転生したらハズレ属性で無双する
ゆる弥
第1話 どこ?
「あぁー。このフォルム、揚力の働きが良いんだよなぁ。大学行って好きなこと勉強出来るなんてサイコー」
この男は飛行機が好きすぎてなぜ飛行機は飛ぶのか。論文を色々と読み漁り、空気力学を趣味で勉強していた。
それが功を奏し、晴れて航空系の大学に進学することになったのだ。
今日はその入学の為の移動日だ。
「楽しみだなぁ。どんな事教えてくれるんだろう。
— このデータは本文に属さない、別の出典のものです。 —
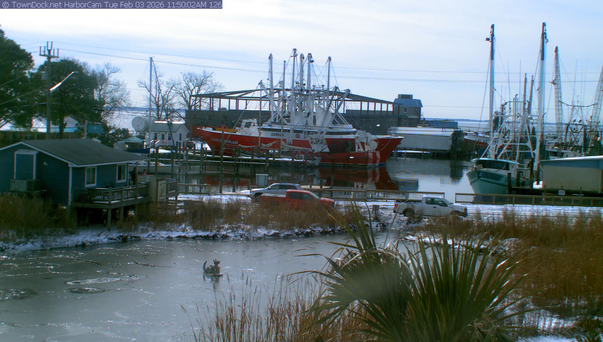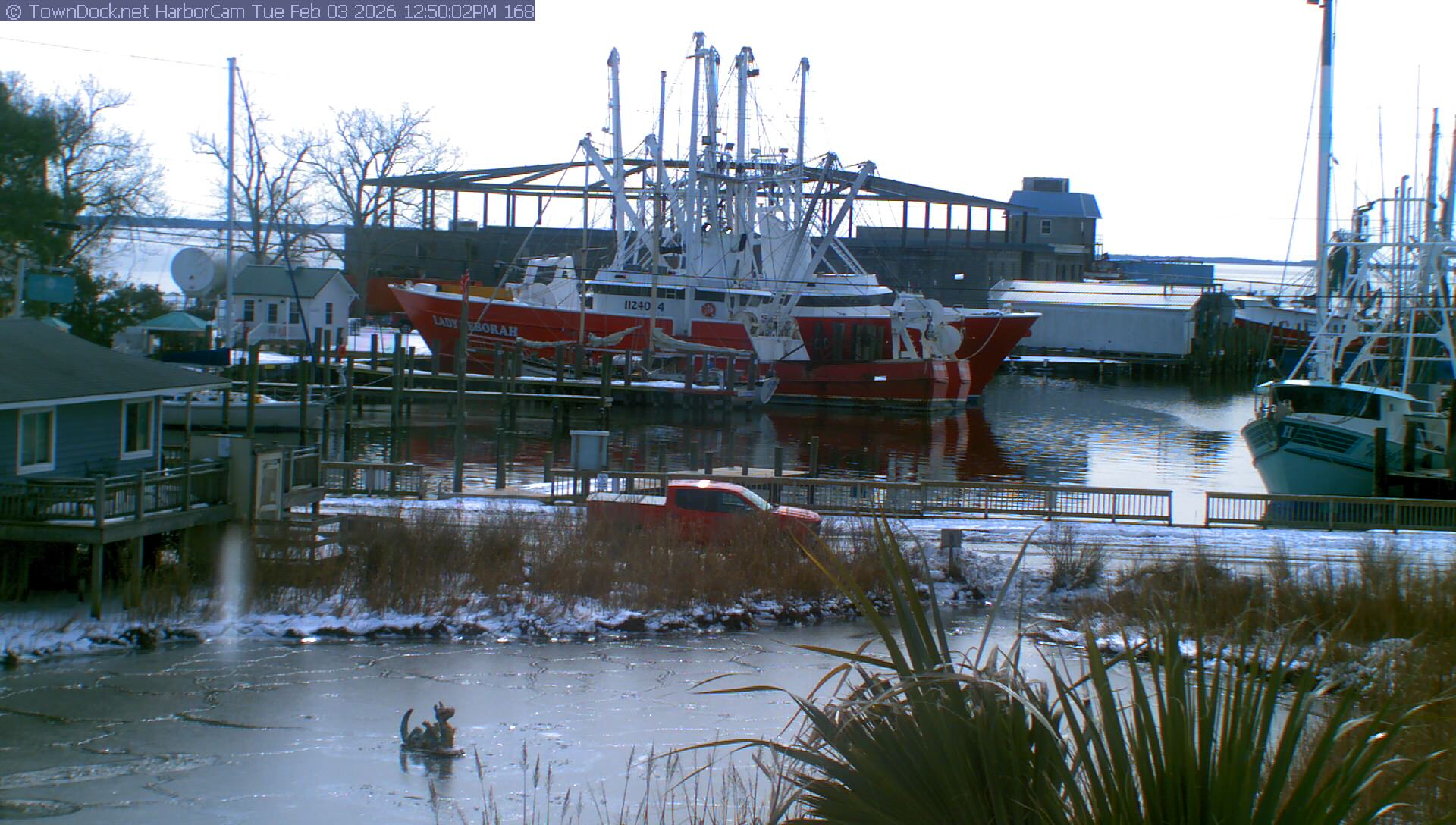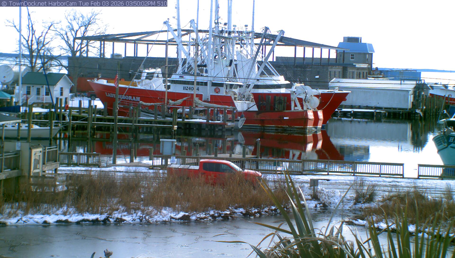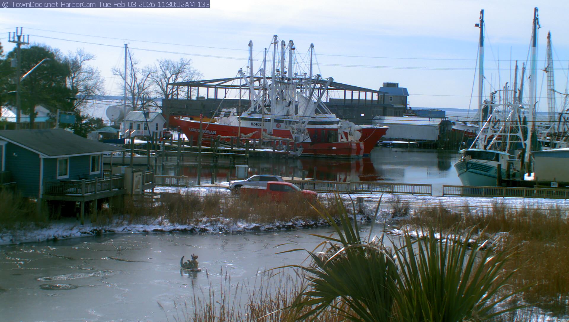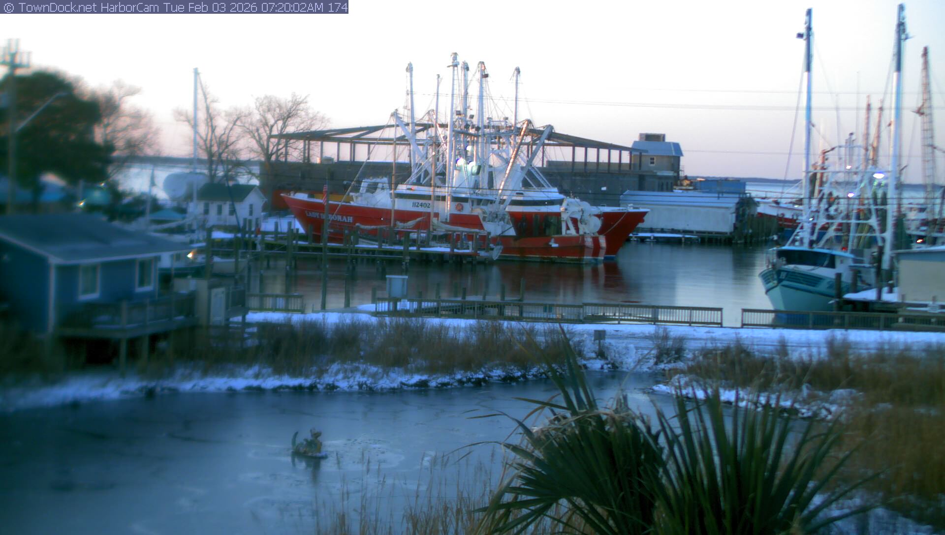 HarborCam takes a new picture of the Oriental harbor every five minutes from dawn til just before dusk. Click on the image to see a larger version. Once you see that larger version, you can click (see arrow at right) to go back in time and see recent photos. Harbor Cam currently takes photos from 6:30am to 5:30pm.
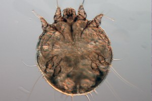 Die kreisförmigen Sarcoptes- oder Skabiesmilben sind nur etwa 0,2 bis 0,6 mm groß und damit mit bloßem Auge kaum zu erkennen.
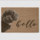 © Adorable Black Toy Poodle Puppy Hello Script Fiber Doormat
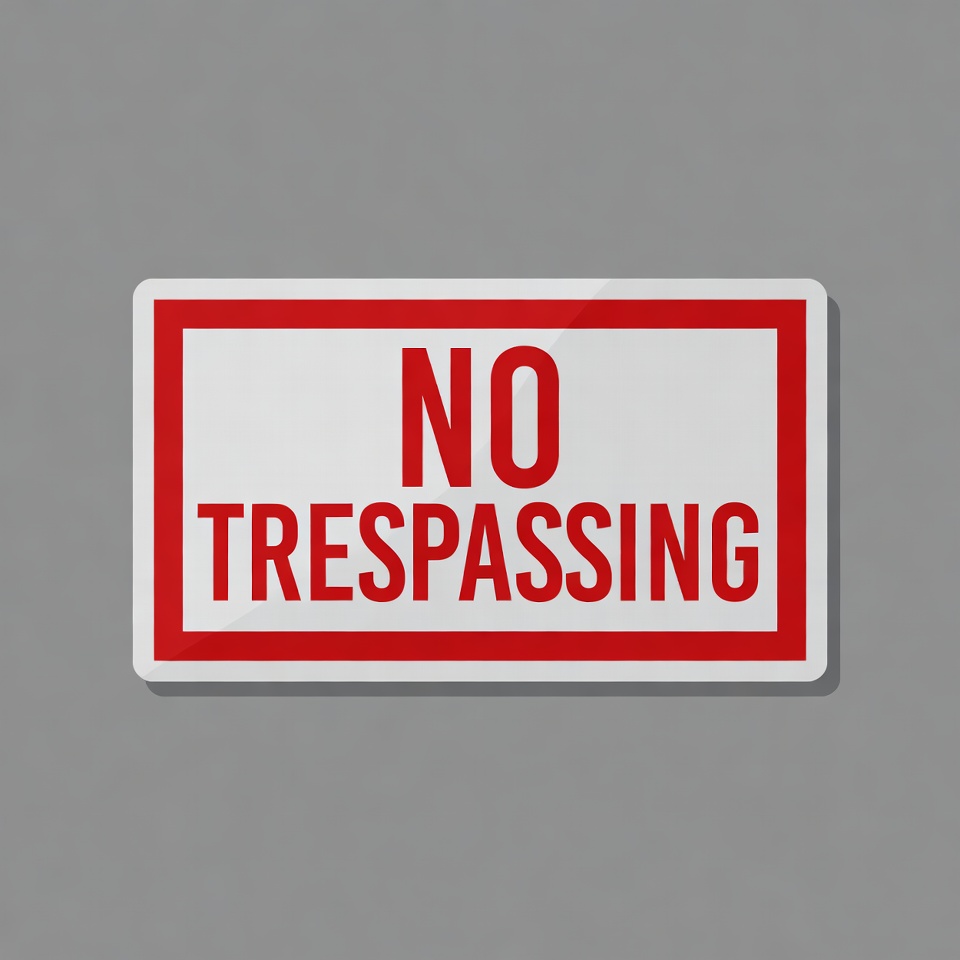 bold text, clipart, illustration, isolated background, prohibition sign, rectangular sign, red border, safety sign, trespassing sign, vector graphic, warning sign, white sign, no trespassing
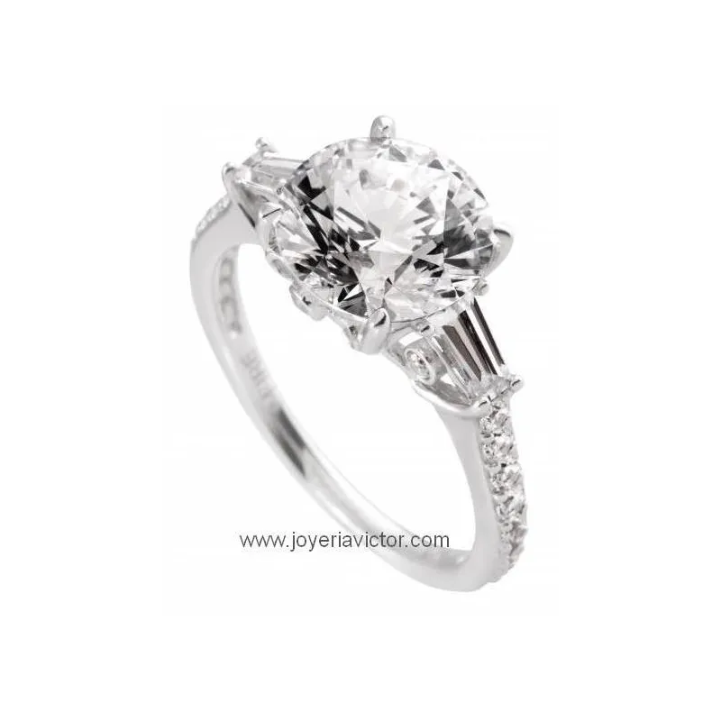 Anillo de Plata de Ley con tres capas de chapado (paladio-platino-rodio). Piedra principal de 10mm a la que se le añaden 24 zirconias con un peso total de 4.85 Kilates.
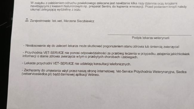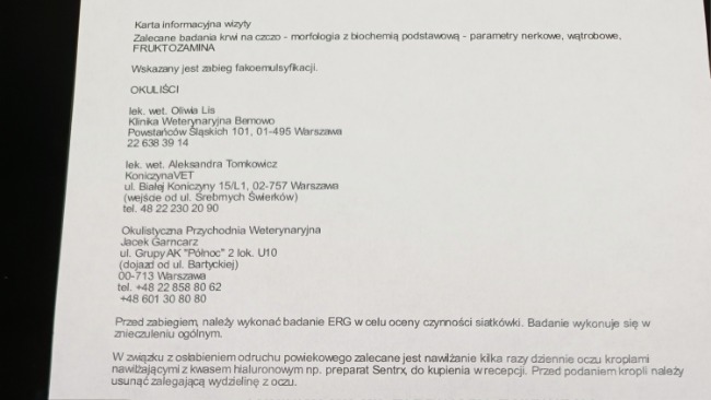 Załączam dokumenty z pierwszej wizyty u psiego okulisty, musimy Puszkowi zakraplać oczy specjalnymi kroplami, żeby gałka oczna nie była sucha. Ponieważ przez zaćmę ma osłabiony ruch powieki, regularnie musimy stosować krople które kosztują ponad 80 zł za niecałe 3 ml. A wiecie, jedna buteleczka to raptem 3 dni stosowania.
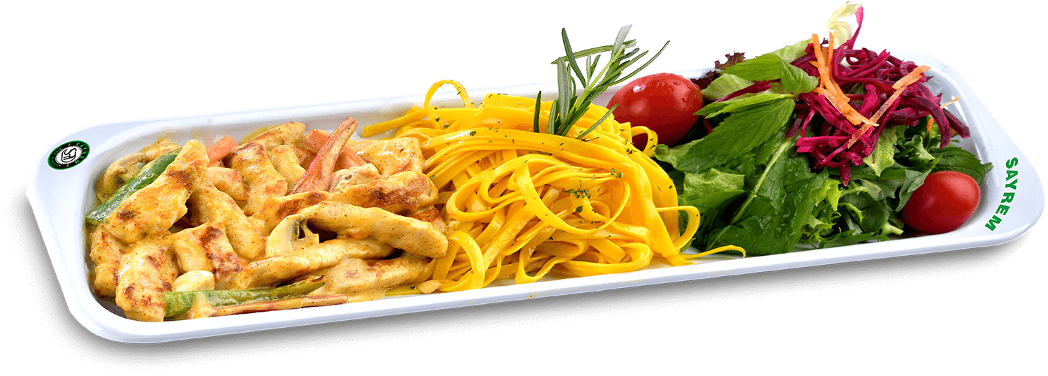 Tavuk Göğsü, Köri, Krema, Makarna ve Salata

論文にないこともやるんだよなぁ!」
この時既に論文を読み漁っていた男は教授並みの知識を蓄えていたのであった。
なにせ、試験に意地悪な問題で出題された空気力学の問題、研究者でないと分からないようなレベルの問題に百点の模範解答より、詳細な回答をしたのであった。
ルンルンで荷物を抱えて飛行機に乗りこむ。
いざ、離陸。
初めての浮遊感に身体が変かんじがする。
少したった頃だろうか、積乱雲に囲まれたのだった。
逃げ道がなく突入するしか無かった飛行機は大きく揺れ、雷に撃たれてジェットエンジンに直撃し、煙をあげる。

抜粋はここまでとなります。